__Excerpted records__:

--- START ---

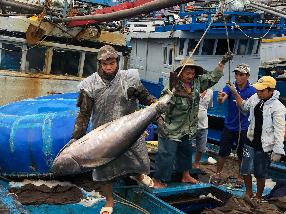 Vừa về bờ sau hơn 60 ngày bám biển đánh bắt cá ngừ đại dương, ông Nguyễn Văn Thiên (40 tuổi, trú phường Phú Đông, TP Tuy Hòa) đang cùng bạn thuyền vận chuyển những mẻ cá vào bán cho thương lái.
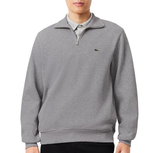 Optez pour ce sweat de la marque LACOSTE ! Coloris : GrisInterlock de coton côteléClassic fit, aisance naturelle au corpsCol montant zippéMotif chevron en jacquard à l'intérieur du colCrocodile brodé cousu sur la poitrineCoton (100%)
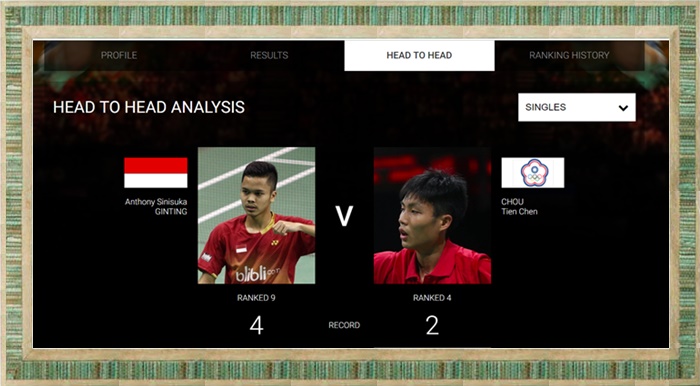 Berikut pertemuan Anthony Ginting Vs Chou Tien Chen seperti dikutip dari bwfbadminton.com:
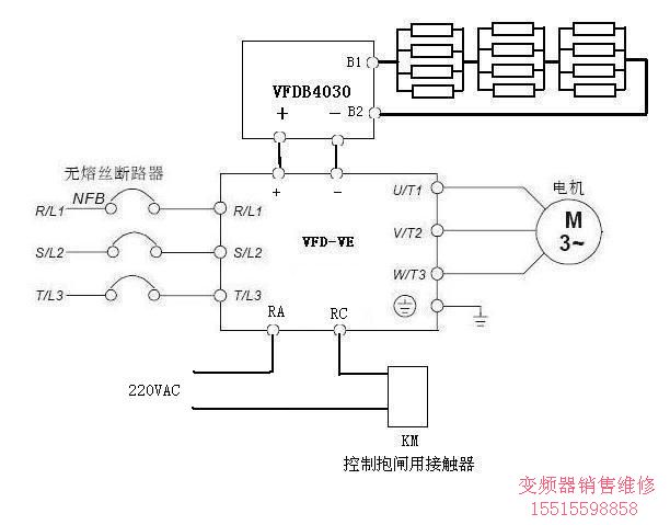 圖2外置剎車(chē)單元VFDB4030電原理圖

--- END ---
--- START ---

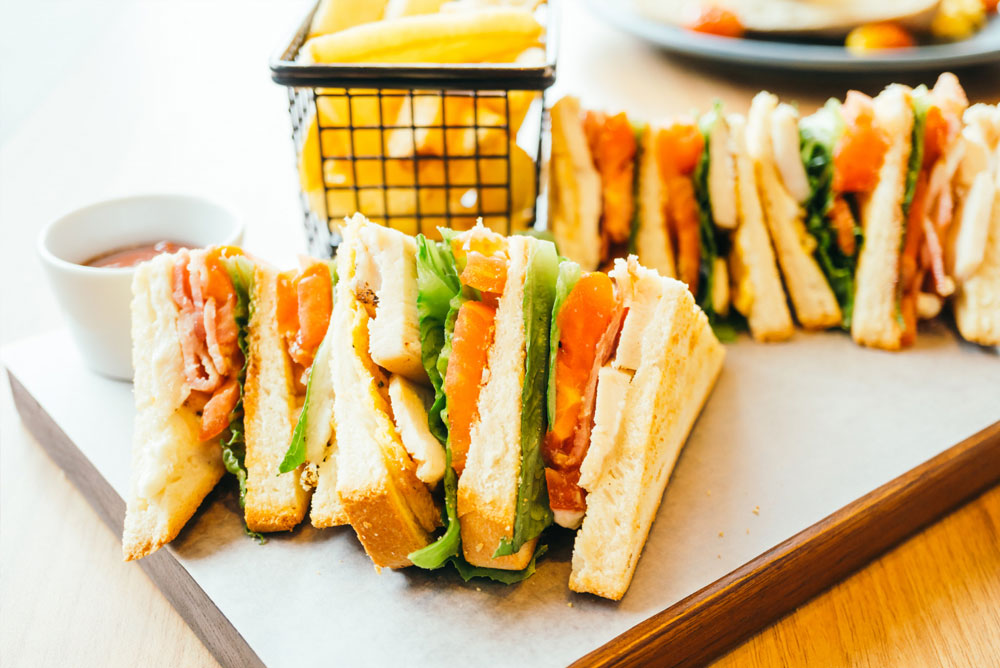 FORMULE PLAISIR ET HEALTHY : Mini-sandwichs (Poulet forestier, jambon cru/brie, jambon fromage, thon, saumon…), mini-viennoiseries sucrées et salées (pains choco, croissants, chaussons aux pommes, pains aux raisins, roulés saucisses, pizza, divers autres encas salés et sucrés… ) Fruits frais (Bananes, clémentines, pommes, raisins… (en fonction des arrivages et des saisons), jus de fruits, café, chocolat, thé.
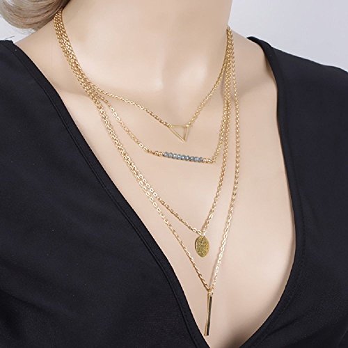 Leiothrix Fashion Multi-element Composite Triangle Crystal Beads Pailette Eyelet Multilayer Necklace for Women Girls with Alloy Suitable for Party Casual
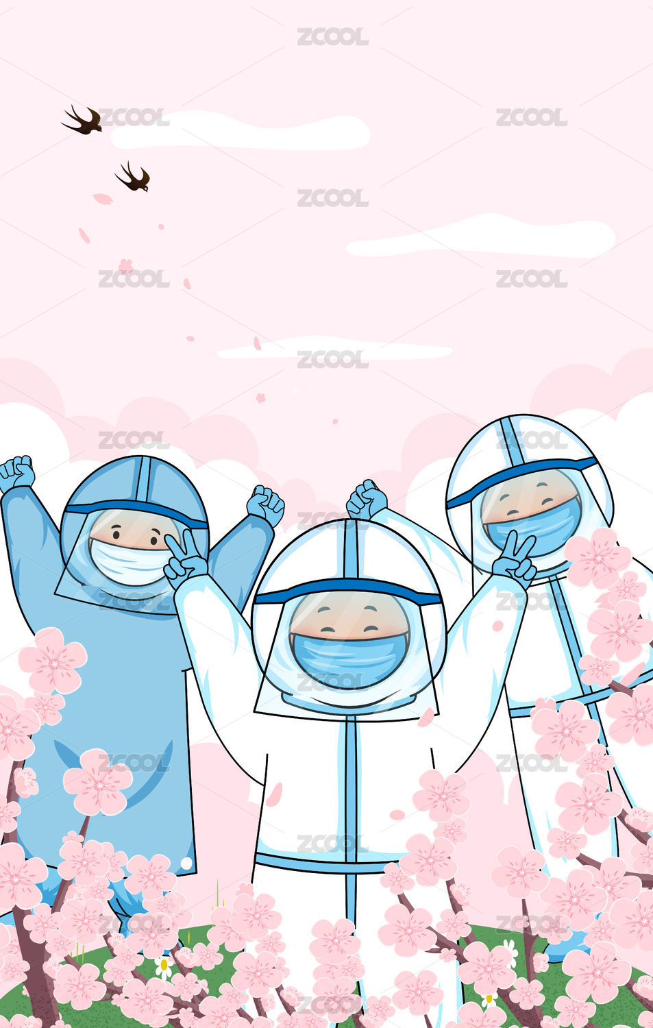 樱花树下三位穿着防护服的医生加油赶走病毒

--- END ---

__What you have to do__: Among the records above, locate the line containing "Vừa về bờ sau" and the line containing "Optez pour ce", then transcribe exactly the lines starting at the first and ending at the second, with no pictures.

__Response__:
 Vừa về bờ sau hơn 60 ngày bám biển đánh bắt cá ngừ đại dương, ông Nguyễn Văn Thiên (40 tuổi, trú phường Phú Đông, TP Tuy Hòa) đang cùng bạn thuyền vận chuyển những mẻ cá vào bán cho thương lái.
 Optez pour ce sweat de la marque LACOSTE ! Coloris : GrisInterlock de coton côteléClassic fit, aisance naturelle au corpsCol montant zippéMotif chevron en jacquard à l'intérieur du colCrocodile brodé cousu sur la poitrineCoton (100%)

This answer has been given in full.